Mark Clark [00:42:20]:
I looked at this packed room of a thousand people, and I just said, listen, his life needs to scandalize you. If you're sitting here and you don't know anything about Jesus, everything about this kid's life, that he trusted Christ with his life, not because it was sentimentally true, but because it actually made sense, it was rational, it was reasonable, it was logical. And he gave his life to Jesus and lived for him. And if you're sitting here and you just think it's good to come to a funeral and cry a little bit and go home and forget about it, you've got to let his life disrupt you, let it keep you awake tonight and ask the question, if he really believed this stuff, why don't I? If he really lived this stuff, why don't I? And don't just get up and leave and forget about it. That's something I'm never going to believe because it sounds crazy. The authority of Jesus actually compels us to get scandalized by it. Confront your own doubts. Be skeptical of your own skepticism.
Mark Clark [00:43:12]:
Open yourself up to actually God might be speaking to you through even this weird, odd, repulsive doctrine of your own value and worth in the eyes of God. This is what he did for you. Let me pray for us, Father.
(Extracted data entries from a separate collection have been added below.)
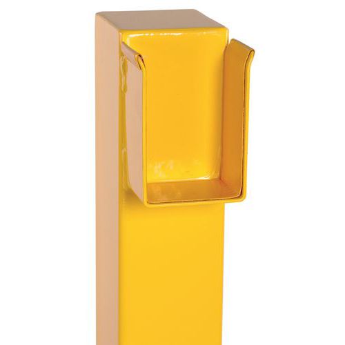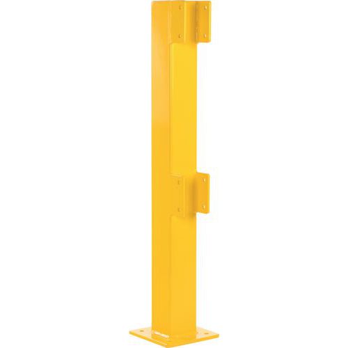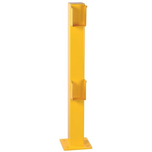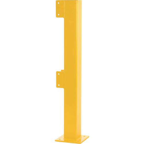 Acéloszlopok biztonsági korlátokhoz, teljes mértékben az adott helyiséghez igazíthatók. Sárga szín a jó láthatóságért. Garantált stabilitás a padlón a szerelőlemeznek köszönhetően. Horganyzott acélból készült, beltéri használatra. Könnyű telepítés.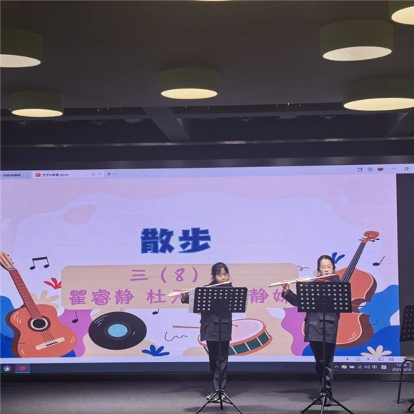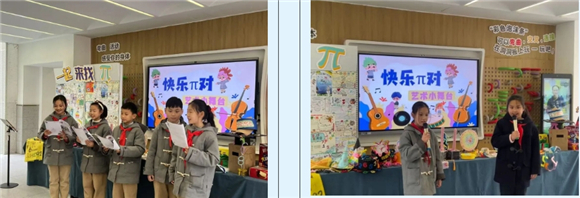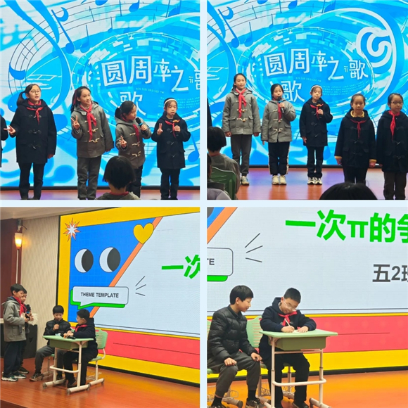 张杨校区的校园里也同样洋溢着数学与艺术碰撞的火花。在艺术π的展演小舞台上,小笋芽们通过多元的形式展现了数学之美。童声朗朗的π之歌、用肢体语言生动演绎的圆周率奥秘、以幽默的方式重现古人计算圆周率过程的小品……在学科融合的实践中,孩子们在艺术创造中感受数学的魅力,培养了跨学科思维能力和创新意识。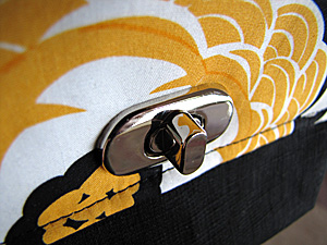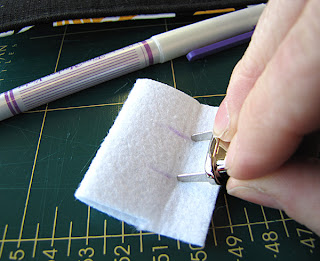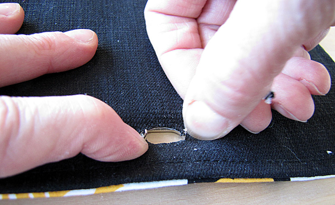 8. Push the twisty bit (that's the technical term, isn't it...?) of the lock from the right side of fabric, through the slits in the bag body.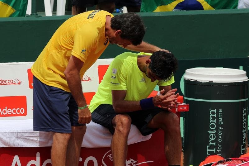 O tenista número um do Brasil desistiu da partida contra Borna Coric no quarto set, mas antes disso ele já sofria com as dores e conversava com o capitão brasileiro João Zwetsch.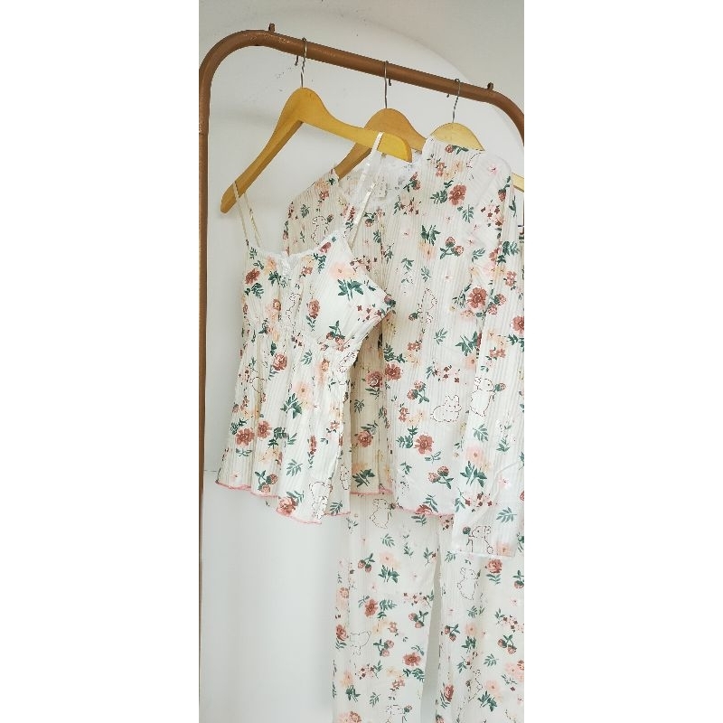 RULIF BAJU TIDUR PIYAMA WANITA IMPORT 3IN1 SETELAN KIMONO LENGAN PANJANG PREMIUM KATUN FLOWCREAM PP
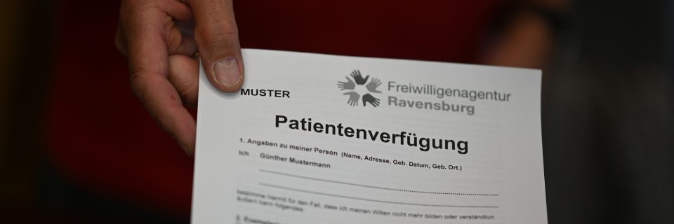 Die Freiwilligenagentur im Ravensburger Rathaus bietet, nun wieder in Präsenz, Informationen zu vorsorgenden Verfügungen, zu Betreuungs- und Patientenverfügungen und zu Vorsorgevollmachten an.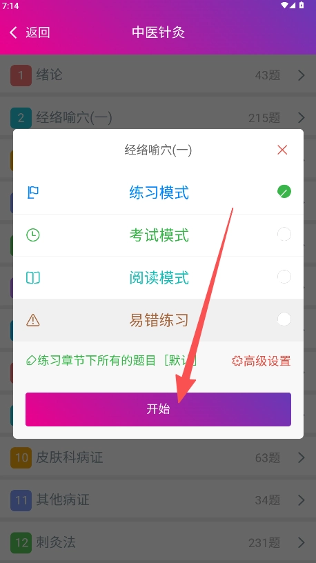 3、确认默认的“练习模式”后,点击“开始”按钮。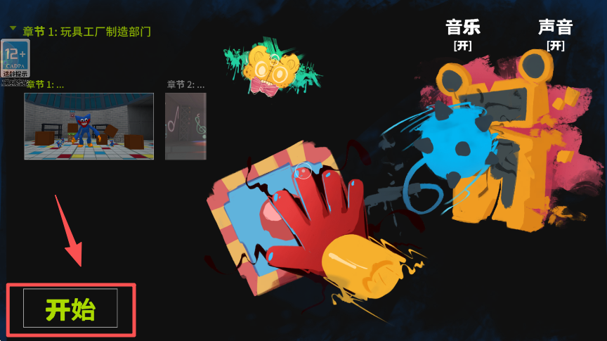 1、找到界面中的 “开始” 按钮并点击,即可进入游戏的初始场景,准备开启游戏流程。
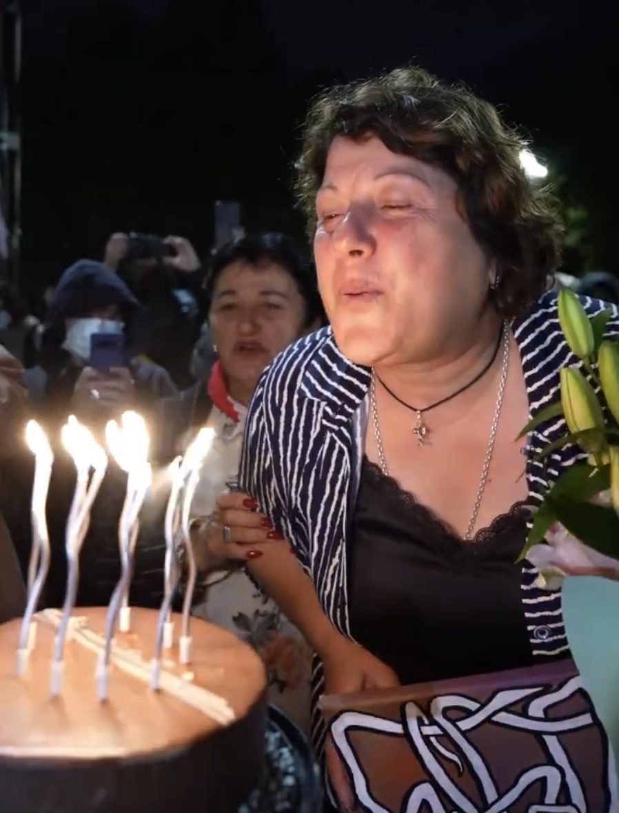 У здания парламента на проспекте Руставели активисты поздравили Нани с днем рождения песней и подарили ей торт со свечками, следует из видео Publika.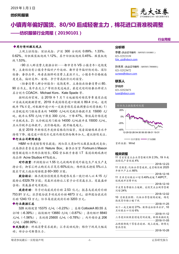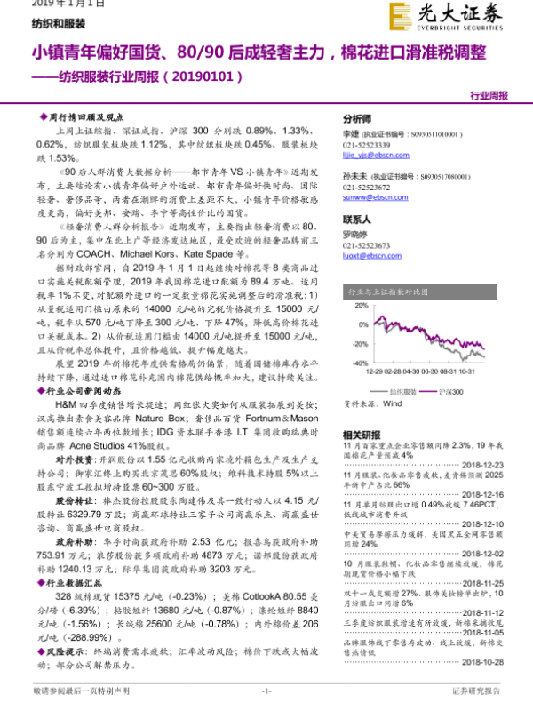 【光大证券】【20190101】20190101-光大证券-纺织服装行业周报:小镇青年偏好国货、80 90后成轻奢主力,棉花进口滑准税调整-20页

It's not easy to understand all the time why you do certain things the way you do them. But as Theos talked about, it is it has the support of scripture, it has the support of Jesus history, and even logic and reason. I pray you would move and do your work among us, and let us listen and have the courage to respond and believe and trust in Jesus and all you've done for us. In your good name we pray. Amen.